### Exercise brief
Your copy should match the entries below exactly, apart from the images.

#### Source material ####

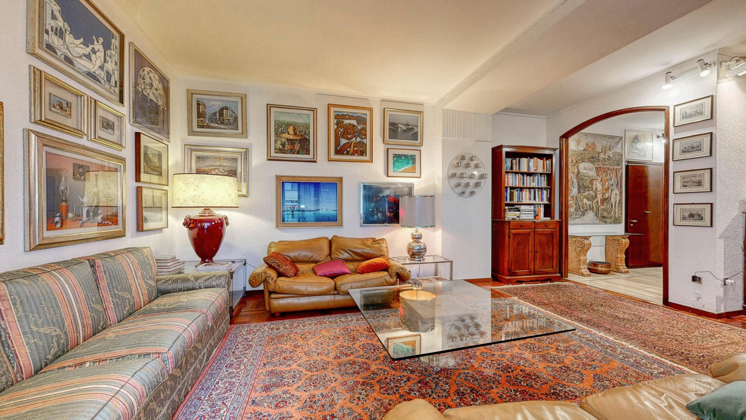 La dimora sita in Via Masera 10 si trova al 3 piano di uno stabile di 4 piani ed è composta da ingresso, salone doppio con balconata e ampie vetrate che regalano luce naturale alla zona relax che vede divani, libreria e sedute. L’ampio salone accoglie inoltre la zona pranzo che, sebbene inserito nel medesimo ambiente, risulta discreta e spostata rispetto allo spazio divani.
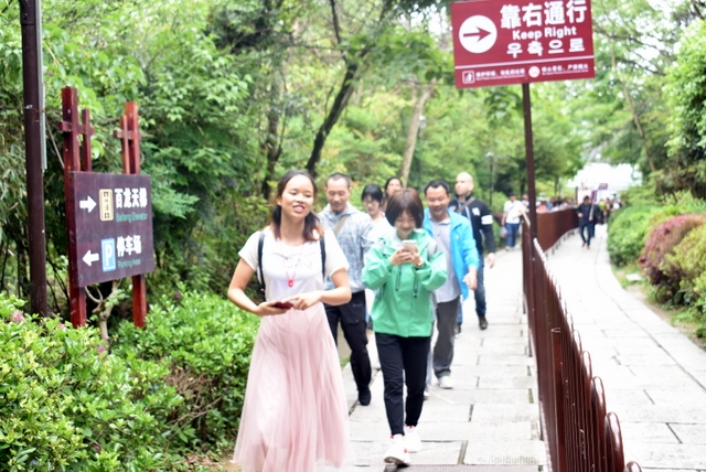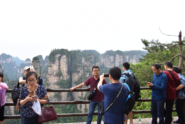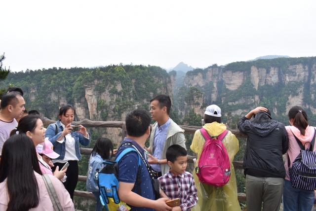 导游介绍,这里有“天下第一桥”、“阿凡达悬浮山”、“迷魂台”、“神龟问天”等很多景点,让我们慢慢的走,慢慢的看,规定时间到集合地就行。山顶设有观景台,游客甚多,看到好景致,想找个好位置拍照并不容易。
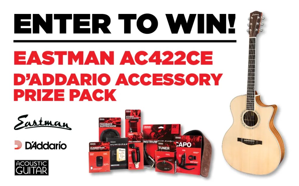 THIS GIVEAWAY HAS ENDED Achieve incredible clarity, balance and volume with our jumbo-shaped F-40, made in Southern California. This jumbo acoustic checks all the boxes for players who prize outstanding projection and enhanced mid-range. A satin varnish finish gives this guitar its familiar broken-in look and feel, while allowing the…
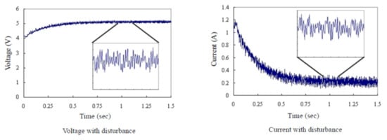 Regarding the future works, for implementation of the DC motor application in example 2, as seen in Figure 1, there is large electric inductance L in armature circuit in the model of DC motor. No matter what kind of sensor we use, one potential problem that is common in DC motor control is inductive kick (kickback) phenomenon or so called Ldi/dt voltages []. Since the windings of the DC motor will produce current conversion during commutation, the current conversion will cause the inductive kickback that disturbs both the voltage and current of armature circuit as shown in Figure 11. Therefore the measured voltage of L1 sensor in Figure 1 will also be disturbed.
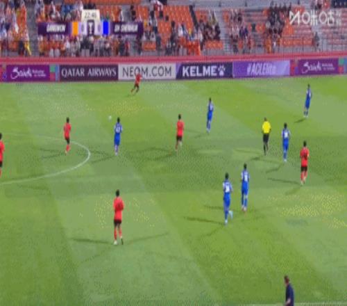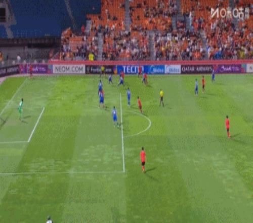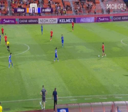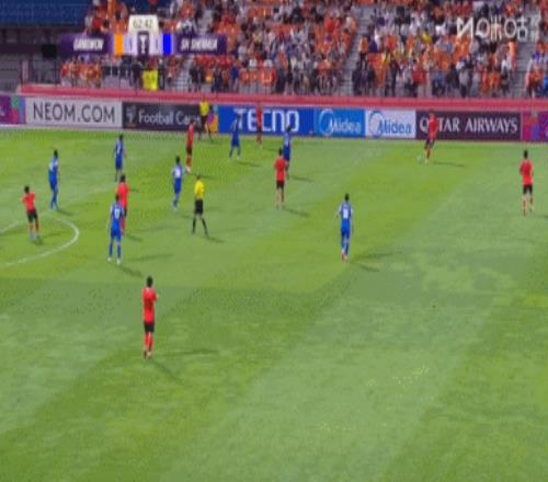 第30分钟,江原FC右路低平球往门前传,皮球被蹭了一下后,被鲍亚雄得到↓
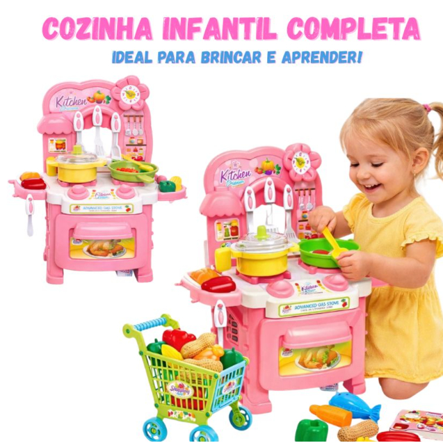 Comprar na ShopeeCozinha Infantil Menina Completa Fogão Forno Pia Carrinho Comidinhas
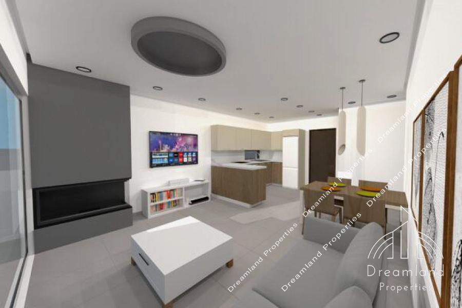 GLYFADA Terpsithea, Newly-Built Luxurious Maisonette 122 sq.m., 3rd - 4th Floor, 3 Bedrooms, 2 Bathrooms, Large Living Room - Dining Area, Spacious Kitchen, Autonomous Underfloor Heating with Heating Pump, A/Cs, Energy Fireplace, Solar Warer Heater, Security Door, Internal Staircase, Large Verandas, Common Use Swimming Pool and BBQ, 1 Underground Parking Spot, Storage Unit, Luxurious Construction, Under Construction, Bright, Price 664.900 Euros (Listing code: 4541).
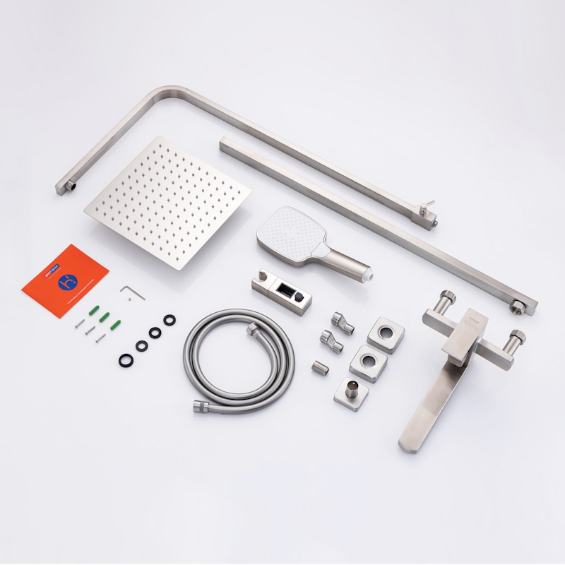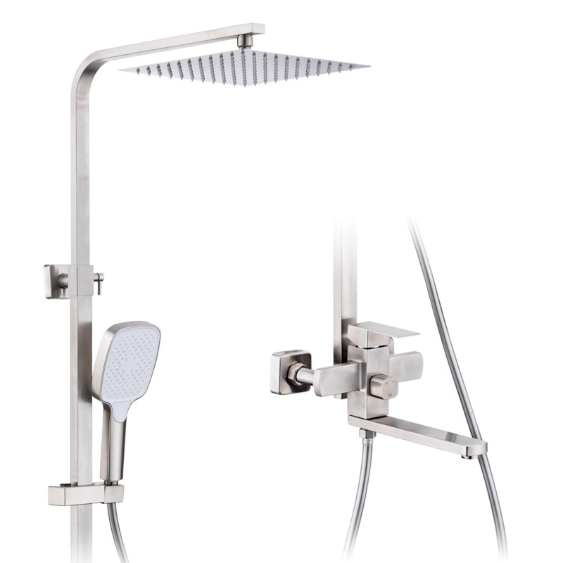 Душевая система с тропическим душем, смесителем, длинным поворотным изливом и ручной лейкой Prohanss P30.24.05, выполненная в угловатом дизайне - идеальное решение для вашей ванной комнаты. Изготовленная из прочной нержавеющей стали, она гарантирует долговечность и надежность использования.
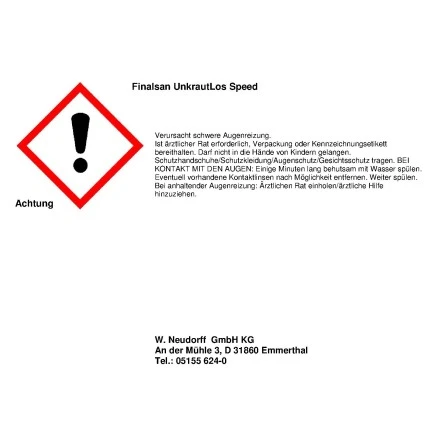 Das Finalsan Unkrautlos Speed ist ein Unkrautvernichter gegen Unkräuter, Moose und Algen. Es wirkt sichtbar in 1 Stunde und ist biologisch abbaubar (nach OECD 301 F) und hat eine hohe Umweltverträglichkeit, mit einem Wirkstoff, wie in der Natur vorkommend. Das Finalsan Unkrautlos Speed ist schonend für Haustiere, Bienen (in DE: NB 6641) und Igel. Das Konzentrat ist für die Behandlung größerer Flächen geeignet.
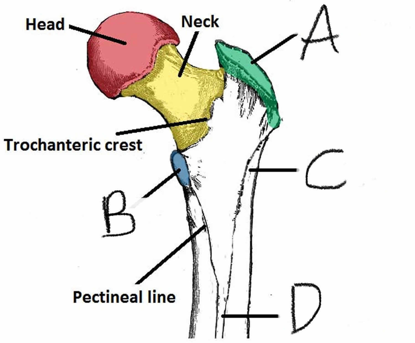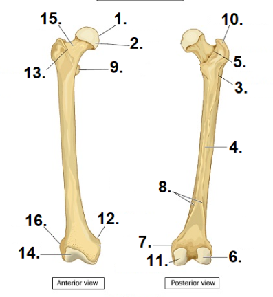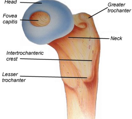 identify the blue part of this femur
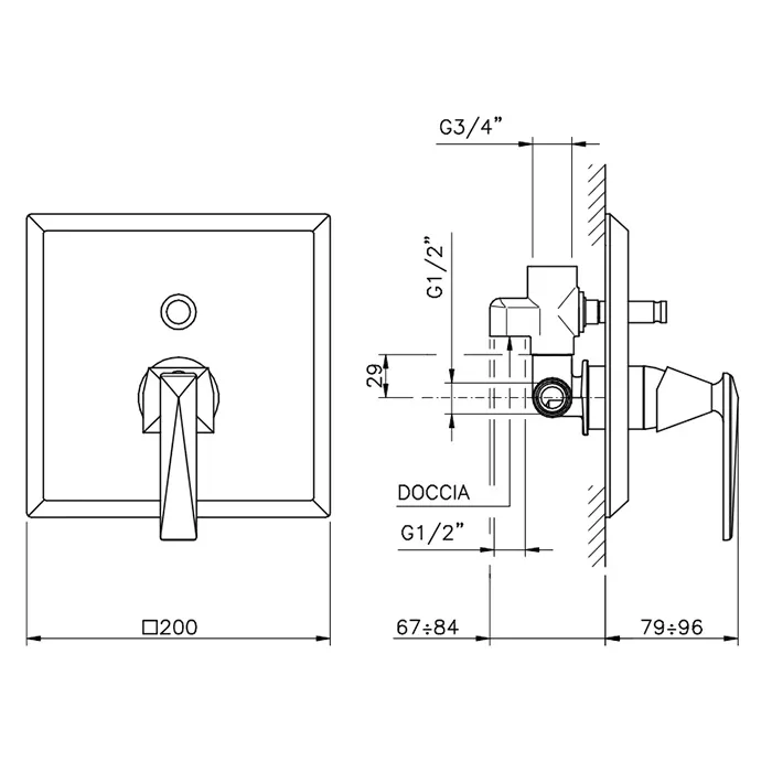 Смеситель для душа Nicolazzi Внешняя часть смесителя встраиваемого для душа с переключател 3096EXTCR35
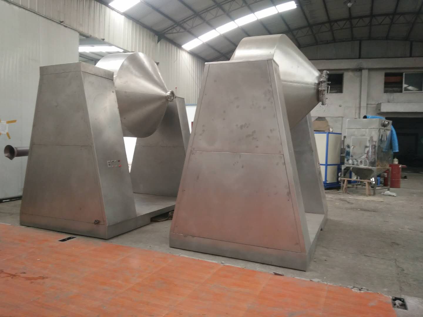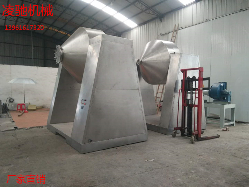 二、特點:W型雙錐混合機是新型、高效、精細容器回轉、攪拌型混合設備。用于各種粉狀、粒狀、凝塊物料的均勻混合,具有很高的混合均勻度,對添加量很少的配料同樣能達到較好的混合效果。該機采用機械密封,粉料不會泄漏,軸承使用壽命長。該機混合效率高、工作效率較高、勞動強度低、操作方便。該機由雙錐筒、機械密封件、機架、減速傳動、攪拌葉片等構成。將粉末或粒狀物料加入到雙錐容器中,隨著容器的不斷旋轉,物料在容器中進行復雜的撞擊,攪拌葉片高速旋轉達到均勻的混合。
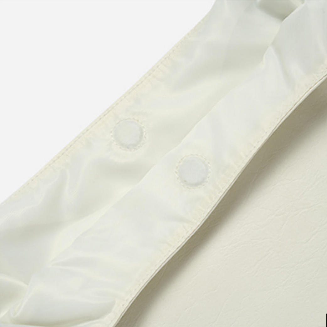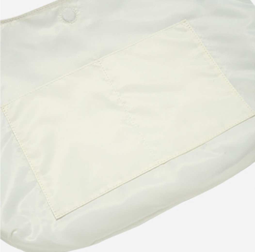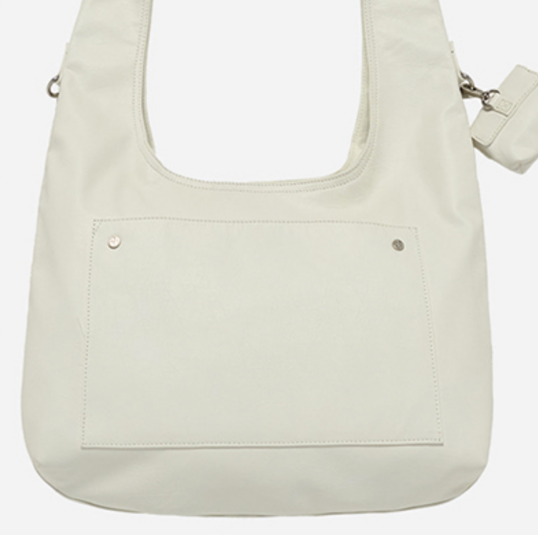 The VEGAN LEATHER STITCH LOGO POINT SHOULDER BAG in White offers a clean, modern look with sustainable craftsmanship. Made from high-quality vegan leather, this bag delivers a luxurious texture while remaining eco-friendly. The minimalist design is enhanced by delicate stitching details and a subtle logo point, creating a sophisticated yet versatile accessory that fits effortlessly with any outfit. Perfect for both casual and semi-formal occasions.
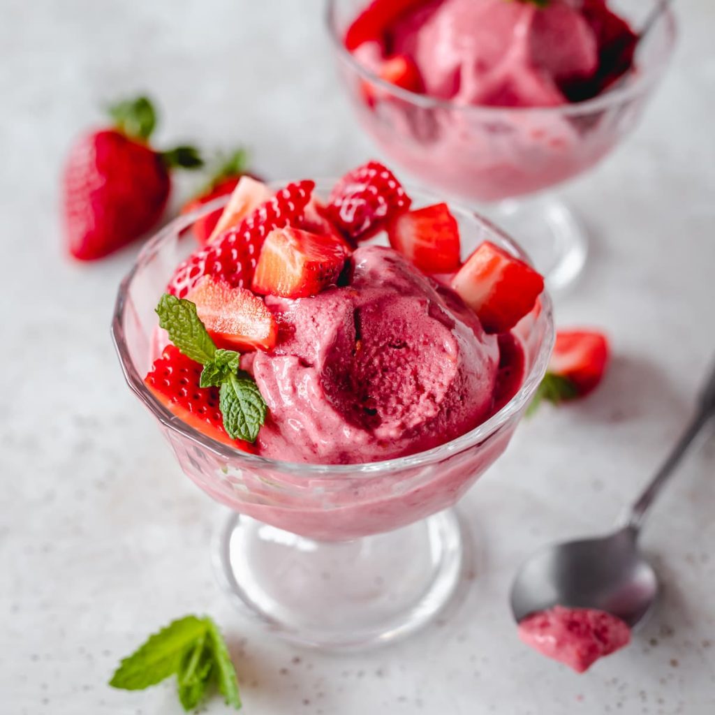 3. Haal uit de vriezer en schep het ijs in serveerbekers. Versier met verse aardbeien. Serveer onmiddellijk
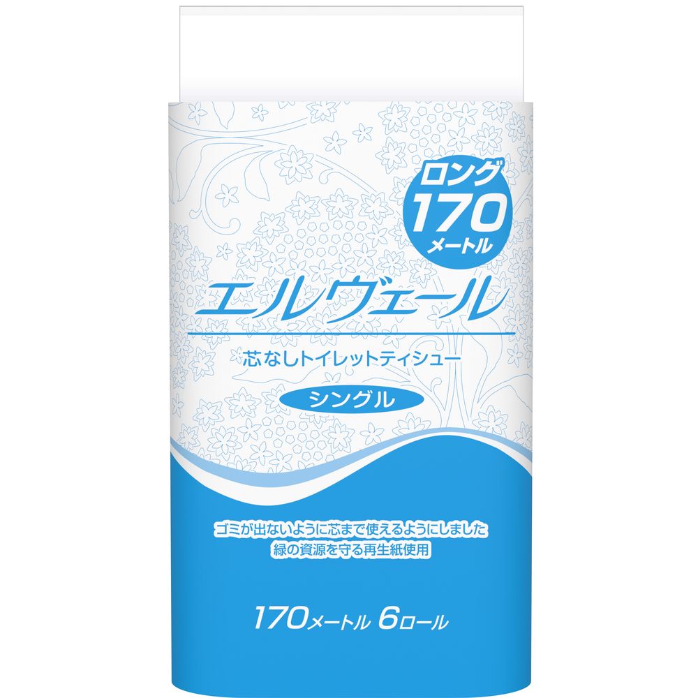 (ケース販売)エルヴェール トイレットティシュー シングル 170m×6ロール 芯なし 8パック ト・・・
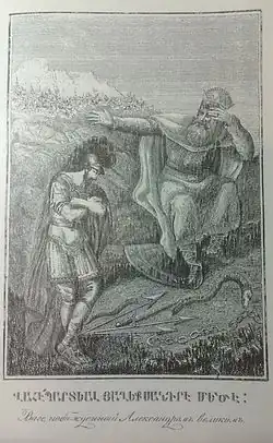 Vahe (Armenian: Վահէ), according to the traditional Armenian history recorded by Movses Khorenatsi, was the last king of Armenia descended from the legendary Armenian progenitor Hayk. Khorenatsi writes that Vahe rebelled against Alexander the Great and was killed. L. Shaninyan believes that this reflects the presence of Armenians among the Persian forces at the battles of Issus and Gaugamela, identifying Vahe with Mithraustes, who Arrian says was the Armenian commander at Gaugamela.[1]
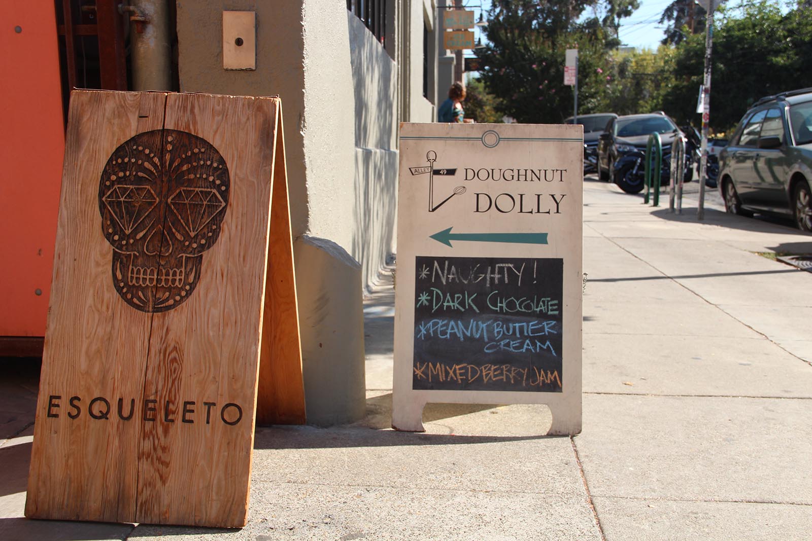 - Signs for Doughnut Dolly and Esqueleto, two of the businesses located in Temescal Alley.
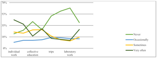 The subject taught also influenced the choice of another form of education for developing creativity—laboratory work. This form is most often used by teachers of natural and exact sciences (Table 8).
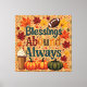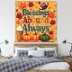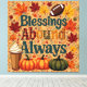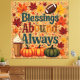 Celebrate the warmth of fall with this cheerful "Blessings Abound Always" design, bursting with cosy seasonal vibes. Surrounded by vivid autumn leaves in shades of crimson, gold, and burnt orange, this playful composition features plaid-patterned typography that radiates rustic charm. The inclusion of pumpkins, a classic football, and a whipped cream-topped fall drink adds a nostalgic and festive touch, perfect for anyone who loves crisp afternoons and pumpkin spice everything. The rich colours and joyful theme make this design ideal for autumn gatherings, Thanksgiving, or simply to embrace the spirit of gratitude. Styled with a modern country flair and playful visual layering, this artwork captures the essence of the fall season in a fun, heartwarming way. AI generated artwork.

####

### Exercise solution
 La dimora sita in Via Masera 10 si trova al 3 piano di uno stabile di 4 piani ed è composta da ingresso, salone doppio con balconata e ampie vetrate che regalano luce naturale alla zona relax che vede divani, libreria e sedute. L’ampio salone accoglie inoltre la zona pranzo che, sebbene inserito nel medesimo ambiente, risulta discreta e spostata rispetto allo spazio divani.
 导游介绍,这里有“天下第一桥”、“阿凡达悬浮山”、“迷魂台”、“神龟问天”等很多景点,让我们慢慢的走,慢慢的看,规定时间到集合地就行。山顶设有观景台,游客甚多,看到好景致,想找个好位置拍照并不容易。
 THIS GIVEAWAY HAS ENDED Achieve incredible clarity, balance and volume with our jumbo-shaped F-40, made in Southern California. This jumbo acoustic checks all the boxes for players who prize outstanding projection and enhanced mid-range. A satin varnish finish gives this guitar its familiar broken-in look and feel, while allowing the…
 Regarding the future works, for implementation of the DC motor application in example 2, as seen in Figure 1, there is large electric inductance L in armature circuit in the model of DC motor. No matter what kind of sensor we use, one potential problem that is common in DC motor control is inductive kick (kickback) phenomenon or so called Ldi/dt voltages []. Since the windings of the DC motor will produce current conversion during commutation, the current conversion will cause the inductive kickback that disturbs both the voltage and current of armature circuit as shown in Figure 11. Therefore the measured voltage of L1 sensor in Figure 1 will also be disturbed.
 第30分钟,江原FC右路低平球往门前传,皮球被蹭了一下后,被鲍亚雄得到↓
 Comprar na ShopeeCozinha Infantil Menina Completa Fogão Forno Pia Carrinho Comidinhas
 GLYFADA Terpsithea, Newly-Built Luxurious Maisonette 122 sq.m., 3rd - 4th Floor, 3 Bedrooms, 2 Bathrooms, Large Living Room - Dining Area, Spacious Kitchen, Autonomous Underfloor Heating with Heating Pump, A/Cs, Energy Fireplace, Solar Warer Heater, Security Door, Internal Staircase, Large Verandas, Common Use Swimming Pool and BBQ, 1 Underground Parking Spot, Storage Unit, Luxurious Construction, Under Construction, Bright, Price 664.900 Euros (Listing code: 4541).
 Душевая система с тропическим душем, смесителем, длинным поворотным изливом и ручной лейкой Prohanss P30.24.05, выполненная в угловатом дизайне - идеальное решение для вашей ванной комнаты. Изготовленная из прочной нержавеющей стали, она гарантирует долговечность и надежность использования.
 Das Finalsan Unkrautlos Speed ist ein Unkrautvernichter gegen Unkräuter, Moose und Algen. Es wirkt sichtbar in 1 Stunde und ist biologisch abbaubar (nach OECD 301 F) und hat eine hohe Umweltverträglichkeit, mit einem Wirkstoff, wie in der Natur vorkommend. Das Finalsan Unkrautlos Speed ist schonend für Haustiere, Bienen (in DE: NB 6641) und Igel. Das Konzentrat ist für die Behandlung größerer Flächen geeignet.
 identify the blue part of this femur
 Смеситель для душа Nicolazzi Внешняя часть смесителя встраиваемого для душа с переключател 3096EXTCR35
 二、特點:W型雙錐混合機是新型、高效、精細容器回轉、攪拌型混合設備。用于各種粉狀、粒狀、凝塊物料的均勻混合,具有很高的混合均勻度,對添加量很少的配料同樣能達到較好的混合效果。該機采用機械密封,粉料不會泄漏,軸承使用壽命長。該機混合效率高、工作效率較高、勞動強度低、操作方便。該機由雙錐筒、機械密封件、機架、減速傳動、攪拌葉片等構成。將粉末或粒狀物料加入到雙錐容器中,隨著容器的不斷旋轉,物料在容器中進行復雜的撞擊,攪拌葉片高速旋轉達到均勻的混合。
 The VEGAN LEATHER STITCH LOGO POINT SHOULDER BAG in White offers a clean, modern look with sustainable craftsmanship. Made from high-quality vegan leather, this bag delivers a luxurious texture while remaining eco-friendly. The minimalist design is enhanced by delicate stitching details and a subtle logo point, creating a sophisticated yet versatile accessory that fits effortlessly with any outfit. Perfect for both casual and semi-formal occasions.
 3. Haal uit de vriezer en schep het ijs in serveerbekers. Versier met verse aardbeien. Serveer onmiddellijk
 (ケース販売)エルヴェール トイレットティシュー シングル 170m×6ロール 芯なし 8パック ト・・・
 Vahe (Armenian: Վահէ), according to the traditional Armenian history recorded by Movses Khorenatsi, was the last king of Armenia descended from the legendary Armenian progenitor Hayk. Khorenatsi writes that Vahe rebelled against Alexander the Great and was killed. L. Shaninyan believes that this reflects the presence of Armenians among the Persian forces at the battles of Issus and Gaugamela, identifying Vahe with Mithraustes, who Arrian says was the Armenian commander at Gaugamela.[1]
 - Signs for Doughnut Dolly and Esqueleto, two of the businesses located in Temescal Alley.
 The subject taught also influenced the choice of another form of education for developing creativity—laboratory work. This form is most often used by teachers of natural and exact sciences (Table 8).
 Celebrate the warmth of fall with this cheerful "Blessings Abound Always" design, bursting with cosy seasonal vibes. Surrounded by vivid autumn leaves in shades of crimson, gold, and burnt orange, this playful composition features plaid-patterned typography that radiates rustic charm. The inclusion of pumpkins, a classic football, and a whipped cream-topped fall drink adds a nostalgic and festive touch, perfect for anyone who loves crisp afternoons and pumpkin spice everything. The rich colours and joyful theme make this design ideal for autumn gatherings, Thanksgiving, or simply to embrace the spirit of gratitude. Styled with a modern country flair and playful visual layering, this artwork captures the essence of the fall season in a fun, heartwarming way. AI generated artwork.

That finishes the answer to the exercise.